Web scrapping code subjects to the changes of indeed pages. Hence I think the web scraping code no longer work unless you upgrade that accordingly and continuously. On the flip side, I want to address that, the general techs in this project are webscraping as collect data method, elasticsearch as database and matching backend, and flask as a simple front-end to allow file submission. It provides an example of building an end-to-end data related app using purely python.
If you dont have resume handy, please download the resumes in the 'sample_resumes' folder to test this web out.
-
Download git and install packages
$ git clone https://github.com/kangjin2014/job_advisor.git -b devops $ pip3 install -r requirements.txt
-
Spin up an ElasticSearch database running at port 9200, localhost. Job postings scraped from Indeed will be streamed in. Notice: docker should be installed.

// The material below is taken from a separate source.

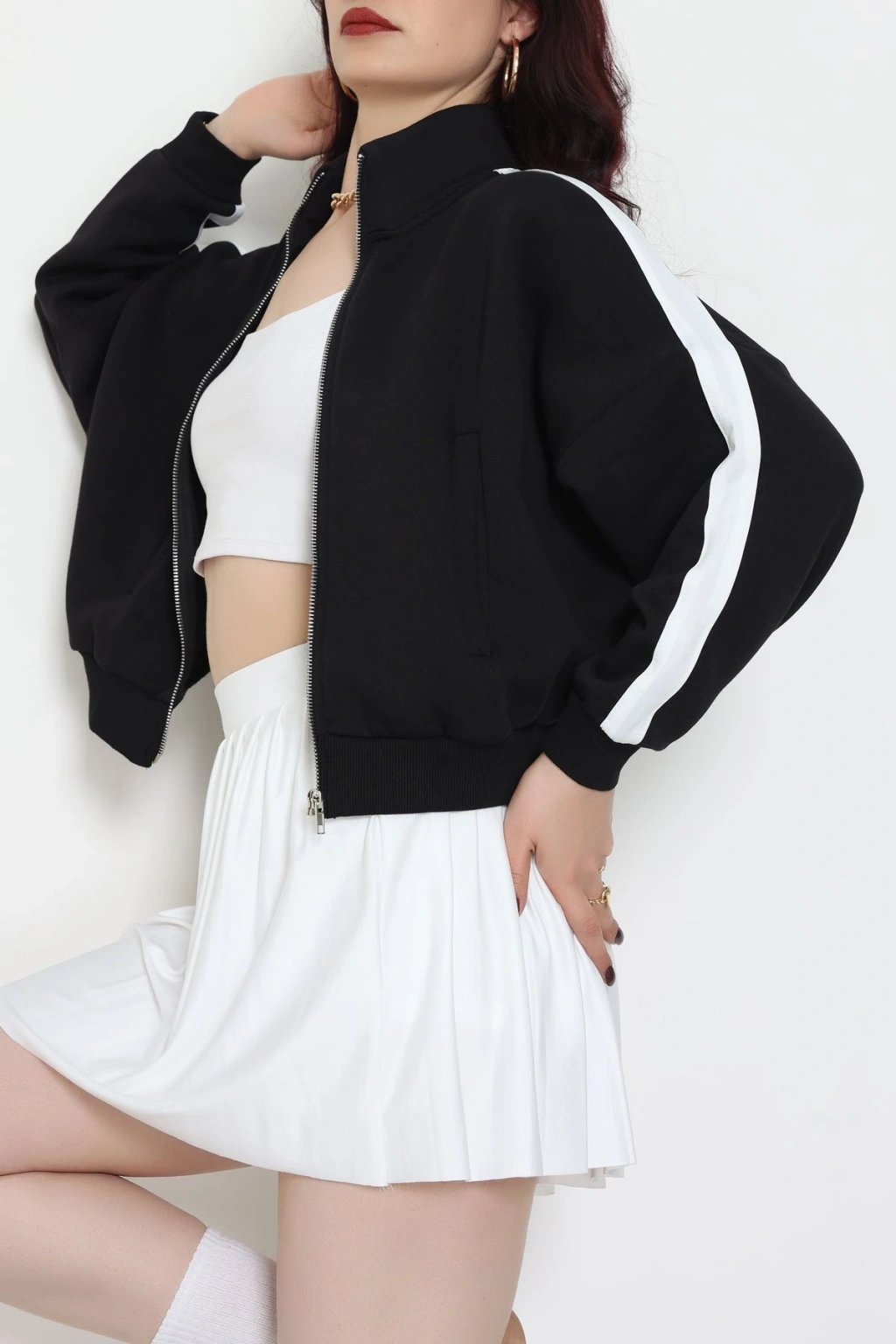 Kapşonlu Parmak Geçmeli Body Siyah - 70769.1567.

$ bin/run_elasticsearch.sh
-
Kick off job posting download, streaming the data into elasticsearch server.
$ python3 -m indeed_scraping
-
Spin up a Flask web server which accepts the resume from end users
$ python3 -m flaskr open the address http://localhost:5000 in the browser submit the resume by pressing the 'submit' button (support *.doc or *.docx files only) And will see some recommendation. My suggestion on reference value is based on a small sample study. Will need to impove by machine learning in the future.
🐨